My generation feared zombies or a rogue vampire underground would take us down. A giant meteor could also fall from the sky and leave us buried in ash and dust for twenty years. The end could arrive as viral maybe…an influenza mutation pandemic on steroids to the likes of what we’ve never seen. A lethal attack on the power grid and water supply could add to the misery quite effectively, or a quick and dirty suitcase nuke, getting the end started even quicker…and bringing with it the loud bang and smoke plume we’ve all come to expect. The boom would come first, and then the mushroom cloud would rise as the heat and the pressure wave moved across the landscape. We’d all seen it in the movies; therefore, we thought we knew how it would all play out.
We’re all too lazy and watch way too much television, I sometimes reason. And we believe too quick and in too much muck. All those cheesy disaster movies that tried so hard to make it all seem real and so utterly possible couldn’t all be right. Could they? The theatrical crap coming out of Hollywood couldn’t all be right. Could it? I muse sometimes at all the certainty—regardless of the means—we somehow already knew the way it would end. The end would come from far away, from a place we didn’t understand. But the irony is: the so-called doomsday hit us out of nowhere, and that was because all the dots were already perfectly lined up by people we trusted.
I was only four when the Black Crash hit; I was too young to understand the concept of threat–whether from some exotic place far away or treason from within. And I was too young to know all the other buzzwords that are supposed to come with it…prevention, warning signs, red flags, and those dreadful triggers. I think people looked too hard for that rogue faraway nation to trigger our downfall. But even that was kept at a safe distance…out of sight, out of mind. By 2009, we’d already turned our attention away from the radical Islamic threats, and after admitting our guilt, we apologized for all our wrongdoings to the world. By 2011, we were handing over our sensitive technology and weaponry, pretending we were all friends in a new world order that no one truly believed in. All of these countries, of course, still hated us, even with all our careless moves. But all this didn’t matter; we never looked for the right warning signs, red flags, and triggers because we never suspected the real danger that lurked behind our stellar, ivory tower institutions. Our minds, our protective sides, wouldn’t allow us to see the truth. So it happened, quite easily I might add: the Black Crash was planned and carried out by people we trusted to watch our backs. They undermined us…right under our noses. At least that’s what my daddy always said.
I was midway through my freshman year of high school when the State Freedoms Act was passed. Many parts were written specifically to rein in government intervention in our private lives. Public reeducation was a major part of this roping in the schools, and again, my daddy said, it had to be that way or we’d simply implode. So with that doom in mind, reeducation statutes made teaching conservative views mandatory, and this, of course, placed lessons learned from the Black Crash at the top of the curriculum list.
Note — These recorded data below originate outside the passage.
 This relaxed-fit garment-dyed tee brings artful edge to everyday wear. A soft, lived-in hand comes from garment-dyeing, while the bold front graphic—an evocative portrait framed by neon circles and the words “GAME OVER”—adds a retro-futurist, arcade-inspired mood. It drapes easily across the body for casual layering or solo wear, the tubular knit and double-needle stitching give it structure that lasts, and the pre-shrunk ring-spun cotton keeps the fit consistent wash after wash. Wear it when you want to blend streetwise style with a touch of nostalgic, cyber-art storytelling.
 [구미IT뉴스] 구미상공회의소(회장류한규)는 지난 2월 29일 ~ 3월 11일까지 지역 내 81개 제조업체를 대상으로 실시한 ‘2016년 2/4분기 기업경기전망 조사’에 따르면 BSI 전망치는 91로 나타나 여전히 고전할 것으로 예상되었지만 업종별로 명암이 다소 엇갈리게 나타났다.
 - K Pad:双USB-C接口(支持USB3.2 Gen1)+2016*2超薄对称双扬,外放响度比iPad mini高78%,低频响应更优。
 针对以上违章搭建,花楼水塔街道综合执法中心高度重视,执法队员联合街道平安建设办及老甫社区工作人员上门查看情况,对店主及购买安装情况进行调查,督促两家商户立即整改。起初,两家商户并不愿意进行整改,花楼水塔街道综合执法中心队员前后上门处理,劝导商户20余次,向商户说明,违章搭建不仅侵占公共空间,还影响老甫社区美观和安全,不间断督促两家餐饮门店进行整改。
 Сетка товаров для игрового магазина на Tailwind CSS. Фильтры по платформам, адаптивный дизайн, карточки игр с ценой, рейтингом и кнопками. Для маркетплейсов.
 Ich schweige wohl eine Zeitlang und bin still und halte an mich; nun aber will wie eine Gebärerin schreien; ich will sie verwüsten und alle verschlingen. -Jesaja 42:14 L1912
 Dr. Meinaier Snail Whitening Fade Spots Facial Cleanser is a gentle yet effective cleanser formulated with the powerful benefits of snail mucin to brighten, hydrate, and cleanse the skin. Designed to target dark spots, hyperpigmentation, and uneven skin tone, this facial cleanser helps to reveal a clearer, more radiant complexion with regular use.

By the time I was a senior, a mandatory, nationwide test was given to ensure that everyone who graduated from high school understood basic conservative and constitutional beliefs. When I passed with flying colors, I wasn’t surprised. I would accept nothing less than a perfect score on such trivial, obvious matters.
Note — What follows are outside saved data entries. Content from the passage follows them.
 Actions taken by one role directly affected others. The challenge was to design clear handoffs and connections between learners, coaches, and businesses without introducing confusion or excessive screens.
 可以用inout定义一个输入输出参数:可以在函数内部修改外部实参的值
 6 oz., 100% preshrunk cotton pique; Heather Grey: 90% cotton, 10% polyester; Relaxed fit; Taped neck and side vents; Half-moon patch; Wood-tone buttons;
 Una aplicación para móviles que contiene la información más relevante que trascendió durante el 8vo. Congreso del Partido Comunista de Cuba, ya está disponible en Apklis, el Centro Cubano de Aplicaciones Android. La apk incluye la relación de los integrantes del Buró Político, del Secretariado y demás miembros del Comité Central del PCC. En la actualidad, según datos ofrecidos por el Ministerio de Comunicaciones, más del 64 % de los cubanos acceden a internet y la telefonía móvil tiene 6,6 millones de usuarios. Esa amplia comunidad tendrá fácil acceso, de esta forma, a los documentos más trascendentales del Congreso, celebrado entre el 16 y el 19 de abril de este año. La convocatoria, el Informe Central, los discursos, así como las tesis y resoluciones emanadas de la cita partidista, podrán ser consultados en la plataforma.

My daddy taught me well, and simply told me from time to time, “Things have changed, Mary Catherine. Your life will be very different from ours.” I figured he just felt the need to father me. But the coddling generation had passed. My generation was never allowed to focus on silly things that didn’t matter…socialist, progressive ideals that placed us all in a pot of mediocre nothingness. We were told that a lot of hate and revenge was needed to dig us out, and my generation would one day be forced to dig too. All of this recovery was forced down our throats, and after a while, it started to make sense.
Every day in school, we were taught real-life lessons of the Black Crash…dangers of blindly espousing communal thought, loss of individual freedoms, embracing partisan politics, inept journalism, and a corrupt and oversized government. I left high school with my mind made up for me. The choice to not embrace the values of personal empowerment, competition, taking care of your own, ethics, fairness didn’t exist. We were all treated like we came from the old school…taught and led one way: to espouse what my daddy called an “old time saying” that seemed to resonate with everyone old and young, regardless of race or ethnicity: you snooze, you lose; you lose, too bad. No one will be there to catch you up; that’s what I was taught, and that’s what I believed.
After the Black Crash, my parents must have thought their small and safe world had been turned upside down. The shock and dismay was sure forced down my throat as often as possible, one warning at a time. But I could never understand why their “we’re-in-recovery-now” life was focused on teaching the youth their life lessons. When our teachers failed to get their points across, parents were there to push more on us and, of course, vice versa. And mine never let me down, one minute reminding me how they lost the American way and, in an instant 180-degree shift, stressing how future generations must never let it happen again.